• [THE DATA]:
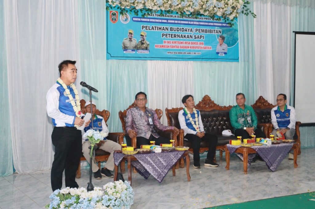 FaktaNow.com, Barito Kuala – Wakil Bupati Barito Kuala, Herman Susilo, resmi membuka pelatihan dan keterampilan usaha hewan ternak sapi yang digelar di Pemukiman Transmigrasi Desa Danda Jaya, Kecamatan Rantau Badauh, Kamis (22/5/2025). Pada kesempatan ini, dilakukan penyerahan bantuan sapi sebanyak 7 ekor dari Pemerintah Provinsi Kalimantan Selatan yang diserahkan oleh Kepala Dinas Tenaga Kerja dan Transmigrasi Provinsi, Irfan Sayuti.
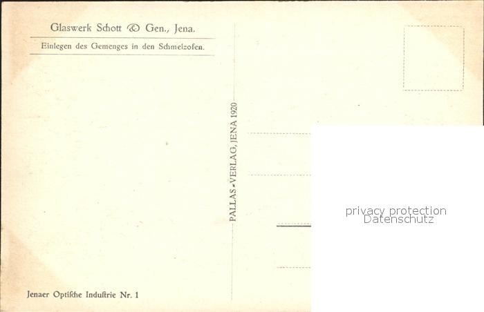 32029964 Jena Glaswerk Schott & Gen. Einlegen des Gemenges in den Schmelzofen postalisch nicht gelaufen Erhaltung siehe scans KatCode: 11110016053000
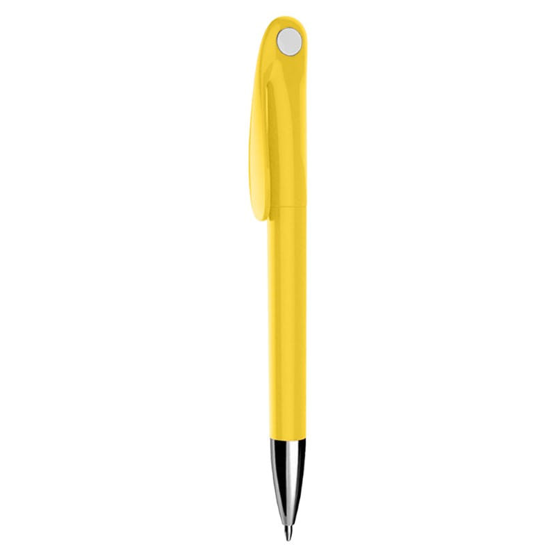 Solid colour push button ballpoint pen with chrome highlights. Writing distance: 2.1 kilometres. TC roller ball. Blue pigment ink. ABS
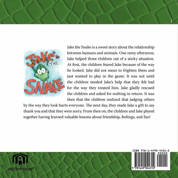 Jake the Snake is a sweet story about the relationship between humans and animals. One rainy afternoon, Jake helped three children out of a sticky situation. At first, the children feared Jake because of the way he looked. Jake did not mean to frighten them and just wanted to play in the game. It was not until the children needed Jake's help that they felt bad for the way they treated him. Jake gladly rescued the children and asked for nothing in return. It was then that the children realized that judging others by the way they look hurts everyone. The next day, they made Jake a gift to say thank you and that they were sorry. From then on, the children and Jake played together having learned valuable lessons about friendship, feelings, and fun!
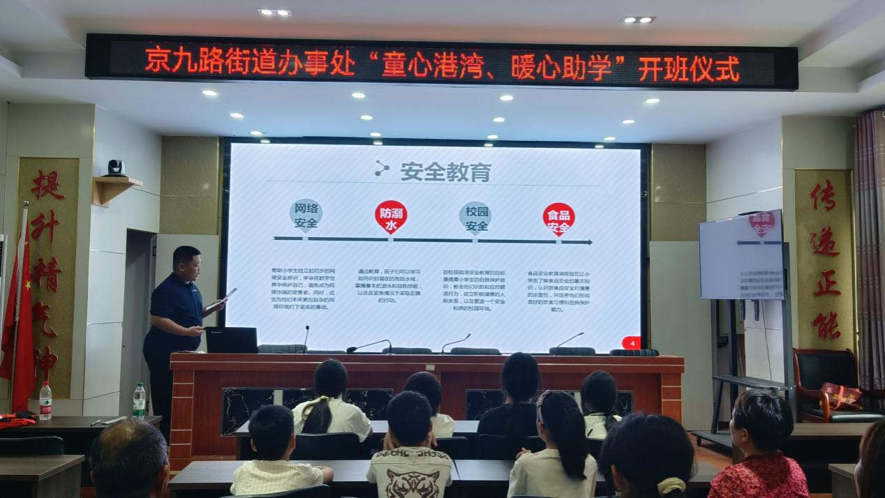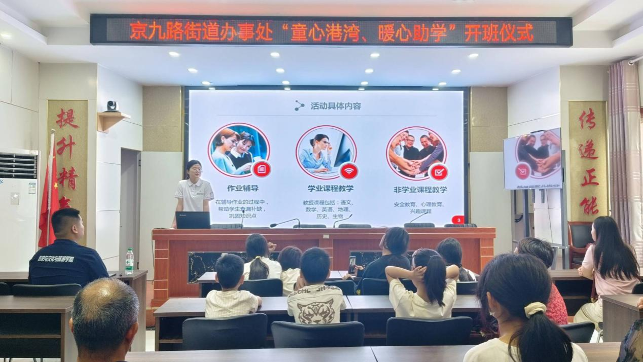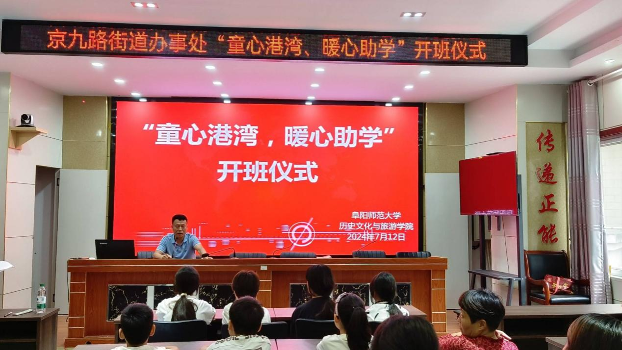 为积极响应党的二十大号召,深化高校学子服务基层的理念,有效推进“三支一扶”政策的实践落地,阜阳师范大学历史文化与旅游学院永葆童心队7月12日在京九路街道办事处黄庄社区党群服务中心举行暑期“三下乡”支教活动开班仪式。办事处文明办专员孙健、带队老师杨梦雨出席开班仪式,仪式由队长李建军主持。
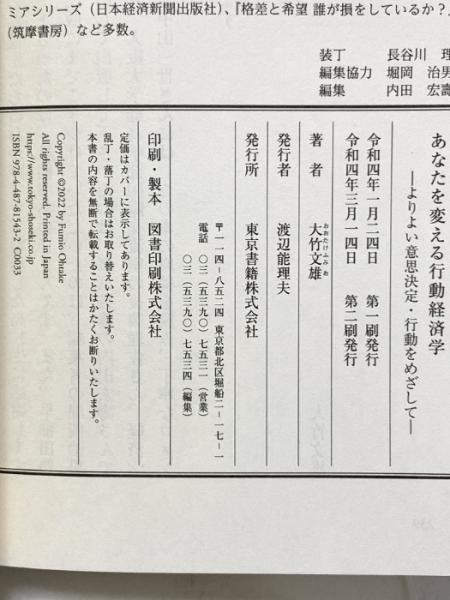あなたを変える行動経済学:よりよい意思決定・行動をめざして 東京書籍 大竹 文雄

• [WHAT YOU HAVE TO DO]: Pictures included in the data should be dropped; everything else must be repeated exactly.

• [FINAL ANSWER]:
 FaktaNow.com, Barito Kuala – Wakil Bupati Barito Kuala, Herman Susilo, resmi membuka pelatihan dan keterampilan usaha hewan ternak sapi yang digelar di Pemukiman Transmigrasi Desa Danda Jaya, Kecamatan Rantau Badauh, Kamis (22/5/2025). Pada kesempatan ini, dilakukan penyerahan bantuan sapi sebanyak 7 ekor dari Pemerintah Provinsi Kalimantan Selatan yang diserahkan oleh Kepala Dinas Tenaga Kerja dan Transmigrasi Provinsi, Irfan Sayuti.
 32029964 Jena Glaswerk Schott & Gen. Einlegen des Gemenges in den Schmelzofen postalisch nicht gelaufen Erhaltung siehe scans KatCode: 11110016053000
 Solid colour push button ballpoint pen with chrome highlights. Writing distance: 2.1 kilometres. TC roller ball. Blue pigment ink. ABS
 Jake the Snake is a sweet story about the relationship between humans and animals. One rainy afternoon, Jake helped three children out of a sticky situation. At first, the children feared Jake because of the way he looked. Jake did not mean to frighten them and just wanted to play in the game. It was not until the children needed Jake's help that they felt bad for the way they treated him. Jake gladly rescued the children and asked for nothing in return. It was then that the children realized that judging others by the way they look hurts everyone. The next day, they made Jake a gift to say thank you and that they were sorry. From then on, the children and Jake played together having learned valuable lessons about friendship, feelings, and fun!
 为积极响应党的二十大号召,深化高校学子服务基层的理念,有效推进“三支一扶”政策的实践落地,阜阳师范大学历史文化与旅游学院永葆童心队7月12日在京九路街道办事处黄庄社区党群服务中心举行暑期“三下乡”支教活动开班仪式。办事处文明办专员孙健、带队老师杨梦雨出席开班仪式,仪式由队长李建军主持。
あなたを変える行動経済学:よりよい意思決定・行動をめざして 東京書籍 大竹 文雄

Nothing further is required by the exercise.